A molecular approach to exploring and evaluating novel criteria for fungal taxonomy

• Project/Area Number: 15580071
• Research Category: Grant-in-Aid for Scientific Research (C)
• Allocation Type: Single-year Grants
• Section: 一般
• Research Field: Applied microbiology
• Research Institution: RIKEN
• Principal Investigator: TAKASHIMA Masako RIKEN, Microbe Division (RIKEN BRC JCM), Senior Research Scientist, 微生物材料開発室, 先任研究員 (20333304)
• Project Period (FY): 2003 – 2004
• Project Status: Completed (Fiscal Year 2004)
• Budget Amount: ¥3,800,000 (Direct Cost: ¥3,800,000); Fiscal Year 2004: ¥1,400,000 (Direct Cost: ¥1,400,000); Fiscal Year 2003: ¥2,400,000 (Direct Cost: ¥2,400,000)
• Keywords: ballistoconidium / Bullera oryzae / taxonomic criterion / Udeniomyces pyricola / isozyme

Research Abstract

Ballistoconidium, which is made on the tip of the sterigma from the mother cell and discharged when it matures, is a morphological characteristic.
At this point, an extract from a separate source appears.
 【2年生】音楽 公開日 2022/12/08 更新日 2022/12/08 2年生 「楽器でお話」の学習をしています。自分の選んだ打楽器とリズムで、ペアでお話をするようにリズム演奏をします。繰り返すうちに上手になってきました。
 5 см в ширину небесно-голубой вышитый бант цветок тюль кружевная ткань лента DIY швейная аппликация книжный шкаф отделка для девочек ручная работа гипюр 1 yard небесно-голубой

Ballistoconidium-forming activity has been employed as a taxonomic criterion of the generic level in the present taxonomy of fungi including mushrooms and basidiomycetous yeasts, but is questioned as a result of numerous phylogenetic studies of ballistoconidium-forming and non-ballistoconidium-forming species. In this study, a molecular approach to the elucidation of the ballistoconidium formation has been made using a ballistoconidium-forming yeast Bullera oryzae JCM 5281. From JCM 5281,its ballistoconidium-forming activity decreased mutants were obtained by a repetitive cultivation. When total RNAs were obtained from Bullera oryzae JCM 5281 and its mutants, the mRNA patterns of JCM 5281 were different from those of mutants by the differential display using Gene image kit. However, the genes involved in the ballistoconidium-formation were a ssumed not to be deleted but all or part of their expression suppressed in this experiment, because the activity of the mutant was recovered after being stored at -80℃.
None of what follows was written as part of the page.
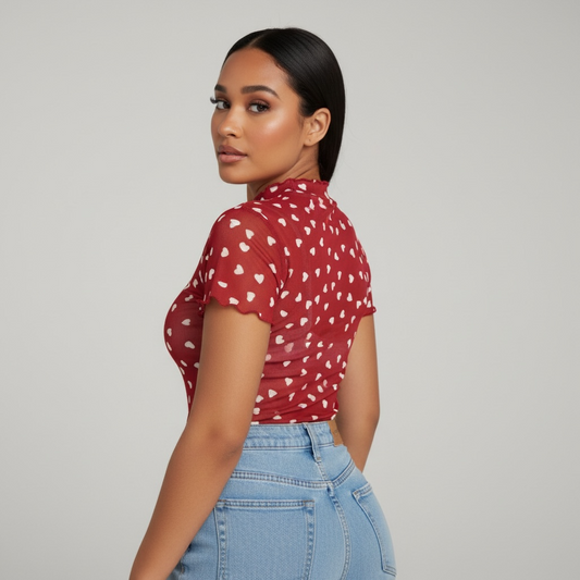 Allover Heart Mock Neck Mesh Red Top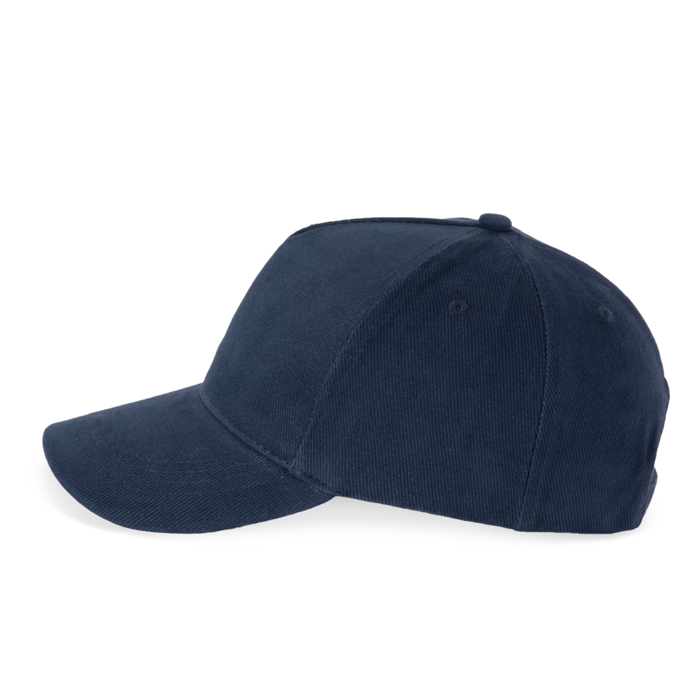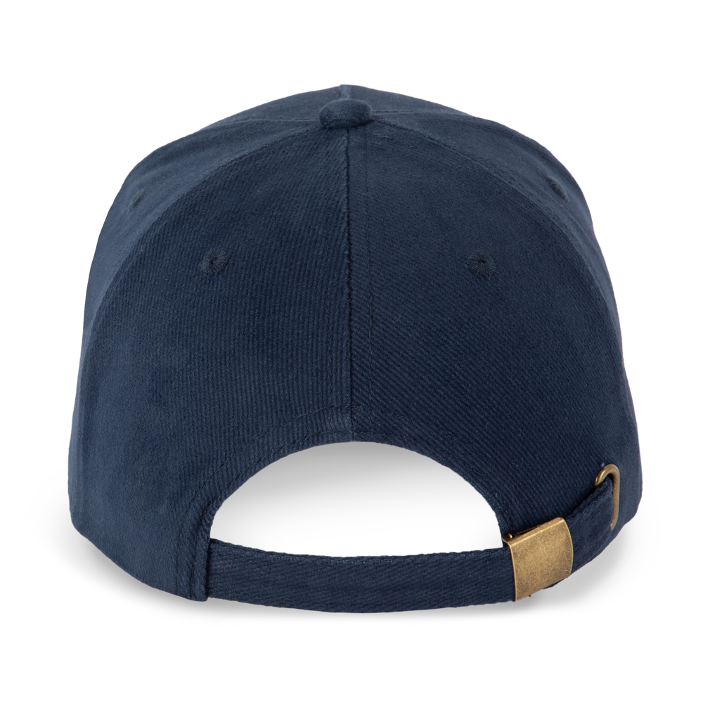 100 % Baumwolle. Dicke, gekämmte Baumwolle. 5-Panel-Cap. Verschluss mit Metallschnalle hinten.

The condition for ballisitoconidium formation was reexamined and the strength of the ballistoconidium-formation was found to be affected by the water content of agar media. Suppression subtraction hybridization between the ballistoconidium-forming condition (media kept on a workbench in the laboratory) and the condition under which ballistoconidium not formed (media kept in a plastic container covered tightly with a lid) was performed, and 195 clones were analyzed. Further study is necessary to discuss the ballistoconidium-forming activity.
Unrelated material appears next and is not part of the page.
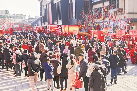 隨著春節(jié)臨近,在北京隆福寺街區(qū),以“馬不停蹄,隆福潮集”為主題的2026隆福寺新春市集吸引越來(lái)越多的游客前來(lái)游覽和購(gòu)物。

Concerning the exploration of a novel criterion to discriminate among species, various data so far reported examined the genus Cryptococcus albidus complex and C.laurentii complex that were reclassified recently, and Udeinomyces pyricola, which the intra-species diversity was reported. Isozyme patterns were thought to be useful for differentiating inter or intra-species diversity.